My view is based up on the fact that millions of people "use" Excel, but not many people really know how to use it effectively.  

You probably want someone that has above average knowledge of Excel.    (or if they need to know how to use Pivottables or any of that other junk, tell them what you need)


----------



## Andrew Fergus (Feb 8, 2006)

I had an interview with a recruitment manager last week and his definition of a 'power' user was someone who could do a vlookup and a pivot table in Excel.  Now I can do that but I don't consider myself to be a power user of Excel.  In reply to your question I consider those skills to be 'average'.  But I also agree with Mark that the average user might not know how to do those things given we (i.e. the general populace, not the Excel gurus you see on this forum) only use 10% or less of the available functionality within Excel (and 10% our brains, but that's just my opinion!)
Andrew


----------



## RichardS (Feb 8, 2006)

Mark,

Pivottables are junk. That's an interesting observation.

Richard


----------



## Norie (Feb 9, 2006)

In the last job I had working directly with Excel they thought that the person 
who recorded a macro, pasted the generated code to a worksheet,
distributed that worksheet,
 with instructions of how to paste it back into the VBA editor, was an expert.

And no it wasn't me. 

Also in that job I encountered a creature called a 'Business Analyst'.

He liked his coffee that guy, and I found out why.

After he left (or was sacked-never found out), I was handed some of his work to take a look at.

7 A4 pages of code to do what could be accomplished with a few simple COUNTIFs, 
and that code took >3 hours to run, hence the time for coffee.

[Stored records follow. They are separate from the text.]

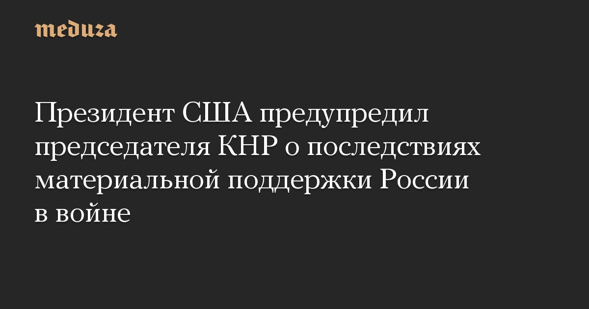 Президент США предупредил председателя КНР о последствиях материальной поддержки России в войне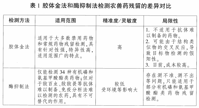 20世纪90年代以来,酶抑制法速测在我国基层监管机构普及应用,在防止有机磷和氨基甲酸酯类农药超标等方面发挥了重要作用。近些年,随着高毒农药陆续被禁用或制定严格的残留限量标准,以及大量其他类型常规农药登记使用,酶抑制法对禁用农药因灵敏度不够“检不准”、对常规农药因方法原理不适用“检不出”的问题逐步凸显,胶体金速测法成为新时期实施农兽药残留精准管控的重要手段。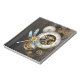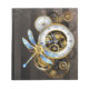 Antique dials with gold and brass gears, decorated with mechanical dragonfly on brown, striped background. Steampunk.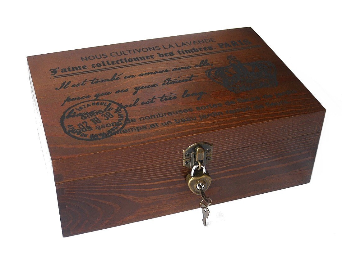 · It is a wooden box storage box with a heart-shaped key of an antique style crown pattern.

I imported the data into Access, set up appropriate queries in about 5 minutes and after running the queries had the answers in seconds.

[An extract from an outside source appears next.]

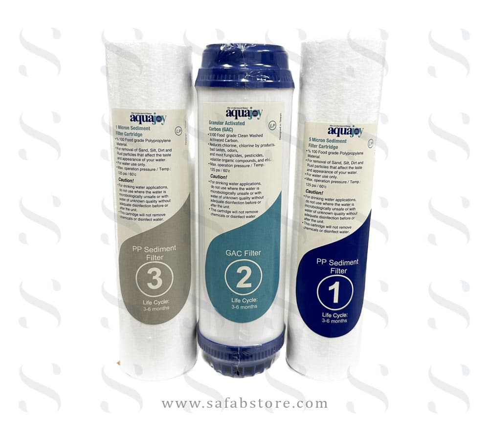 ویژگیها | پک سه عددی شامل :1-فیلتر الیافی 5 میکرون 2-فیلتر کربن فعال3-فیلتر الیافی 1 میکرون, مناسب برای دستگاه پرایم و لجند آکواجوی |

By the way I'm in no way boasting, this guy was getting paid about £500 a day,
I was on £7.50 an hour.


----------



## Richard Schollar (Feb 9, 2006)

In my own experience, I would say that Pivot Tables were pretty much restricted to above average users, but this needs to be tempered by the situation at hand (like you have already mentioned): in my area of finance, pivot tables are common place and virtually everybody uses/has used them (not to their full utility i would hasten to add however).  I think knowledge of SUMIF (in non-financial situations) marks somebody out as above average.  Using VLOOKUP is the "average".

Before I joined the department where I now work, their idea of a serious power user was someone who could record a macro for refreshing query tables and printing off data sheets!

Richard



> I was on £7.50 an hour



Norie, I'm sure you were worth every penny :wink:


----------



## LySeRGinator (Feb 9, 2006)

I don't think the ability of an Excel user is strictly limited to within the application.

Along with the basic knowledge of the different functions etc. an effective user must also hold some knowledge of relational database theory and lateral thinking, in terms of what is possible and what is not possible given what you have to work with. Identifying limitations of data sources, as well as an understanding of what may be lacking and hence blocking the end deliverable, together with the knowledge to apply it all to Excel using functions, is in my view an effective user of Excel. ANd I'd also add that an average user of Excel should be an effective user of Excel.


----------



## Cbrine (Feb 9, 2006)

LySeRginator,
  Some good points.  My knowledge touches on everything from Excel, to MSacces, to SQL Server, VB, VBA, AS400, to setting up software, etc....  If I didn't have most of my other knowledge, I wouldn't be anywhere near as effective.  I know when to use Excel, or when to use Access or when to use SQL server.

Norie,
   I'm a Business Analyst, so they are not all idiots, there is hope!(Are they paying you the £500 yet!!)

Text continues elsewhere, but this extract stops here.